*What you will do*: Leave the pictures out. Retype exactly the lines below from the one containing "細かな検索条件も設定でき、さすがNAVITIMEという感じですね。" through the one containing "- 【7/24 Customer", and no others.
*** Opening Exercise material ***
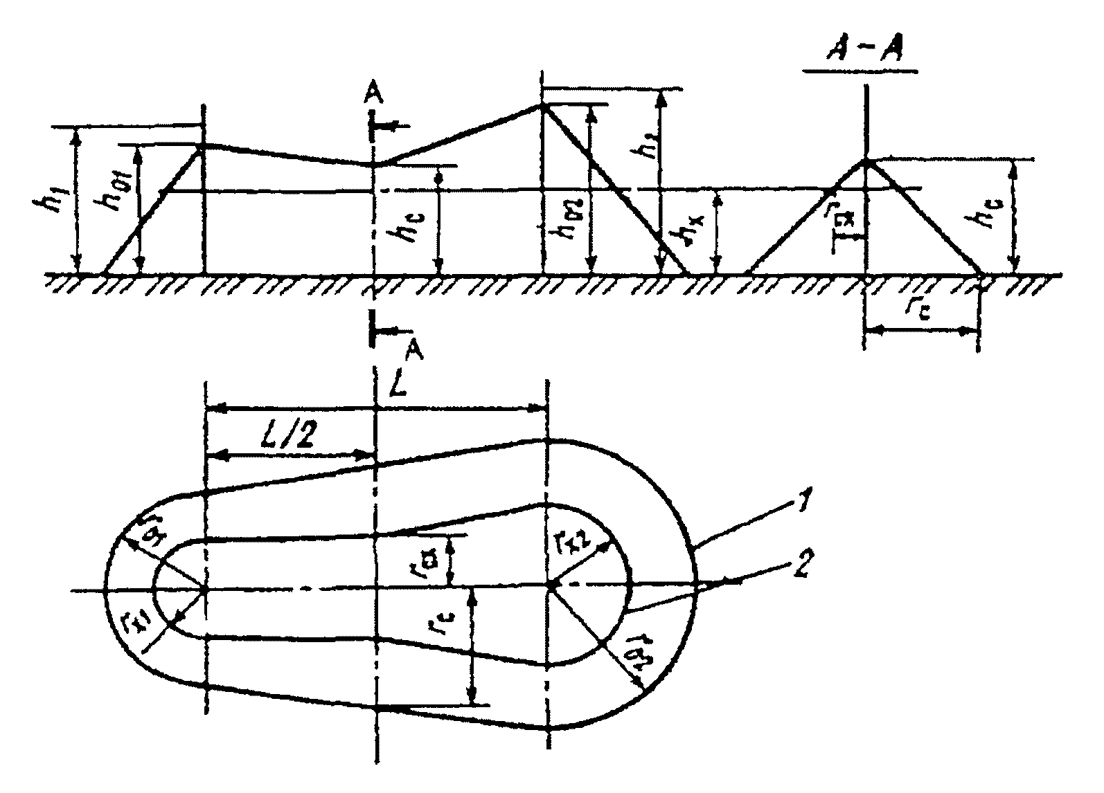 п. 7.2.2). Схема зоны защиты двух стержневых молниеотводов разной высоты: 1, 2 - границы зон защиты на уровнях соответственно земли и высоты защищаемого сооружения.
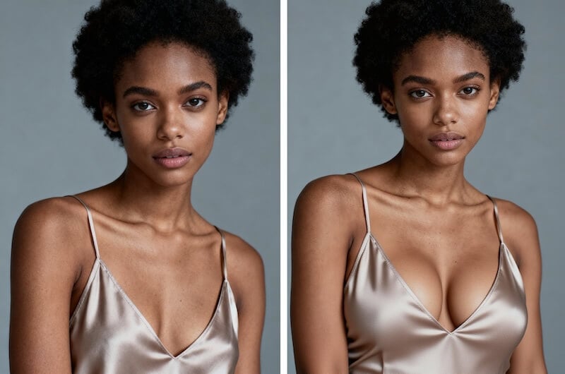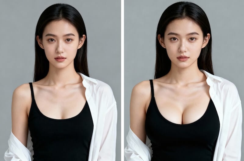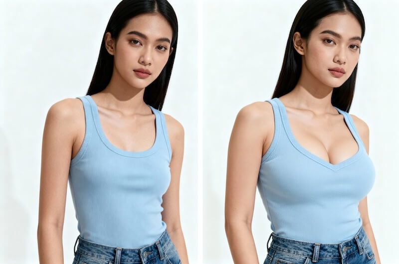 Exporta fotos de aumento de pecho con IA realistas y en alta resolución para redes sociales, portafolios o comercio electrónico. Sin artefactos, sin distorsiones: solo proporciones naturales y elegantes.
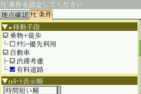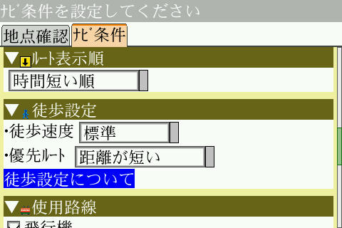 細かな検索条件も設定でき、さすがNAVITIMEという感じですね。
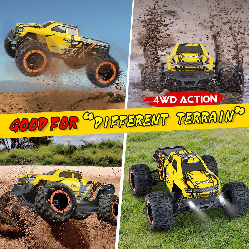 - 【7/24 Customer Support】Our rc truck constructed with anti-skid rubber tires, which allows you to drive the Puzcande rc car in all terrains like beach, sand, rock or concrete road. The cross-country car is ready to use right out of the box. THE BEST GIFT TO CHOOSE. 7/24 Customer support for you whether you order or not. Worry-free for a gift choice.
*** Closing Exercise material ***
*** Opening Exercise material ***
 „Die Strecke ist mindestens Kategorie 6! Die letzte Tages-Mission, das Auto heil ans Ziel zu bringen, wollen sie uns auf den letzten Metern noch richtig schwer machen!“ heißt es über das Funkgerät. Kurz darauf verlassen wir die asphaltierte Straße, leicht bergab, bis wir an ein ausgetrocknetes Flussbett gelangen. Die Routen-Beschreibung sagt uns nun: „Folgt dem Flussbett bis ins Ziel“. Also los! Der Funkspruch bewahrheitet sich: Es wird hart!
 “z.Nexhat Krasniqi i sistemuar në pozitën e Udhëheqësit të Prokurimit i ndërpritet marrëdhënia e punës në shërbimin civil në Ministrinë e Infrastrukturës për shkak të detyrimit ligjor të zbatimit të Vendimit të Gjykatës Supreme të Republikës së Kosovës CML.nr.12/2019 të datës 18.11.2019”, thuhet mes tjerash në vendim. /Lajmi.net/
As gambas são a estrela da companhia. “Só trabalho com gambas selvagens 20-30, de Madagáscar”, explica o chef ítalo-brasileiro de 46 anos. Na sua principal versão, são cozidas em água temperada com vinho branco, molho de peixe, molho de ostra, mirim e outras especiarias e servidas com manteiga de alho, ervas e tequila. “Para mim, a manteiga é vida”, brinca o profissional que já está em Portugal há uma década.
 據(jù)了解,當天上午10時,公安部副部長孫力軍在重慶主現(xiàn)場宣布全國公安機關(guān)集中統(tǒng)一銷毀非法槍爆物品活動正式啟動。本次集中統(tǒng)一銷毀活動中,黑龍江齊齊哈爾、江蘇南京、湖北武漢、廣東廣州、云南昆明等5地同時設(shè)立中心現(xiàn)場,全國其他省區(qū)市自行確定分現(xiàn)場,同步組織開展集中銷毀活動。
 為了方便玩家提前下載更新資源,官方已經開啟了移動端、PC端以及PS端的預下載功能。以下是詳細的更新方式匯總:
*** Closing Exercise material ***
*Result for this exercise*:
 細かな検索条件も設定でき、さすがNAVITIMEという感じですね。
 - 【7/24 Customer Support】Our rc truck constructed with anti-skid rubber tires, which allows you to drive the Puzcande rc car in all terrains like beach, sand, rock or concrete road. The cross-country car is ready to use right out of the box. THE BEST GIFT TO CHOOSE. 7/24 Customer support for you whether you order or not. Worry-free for a gift choice.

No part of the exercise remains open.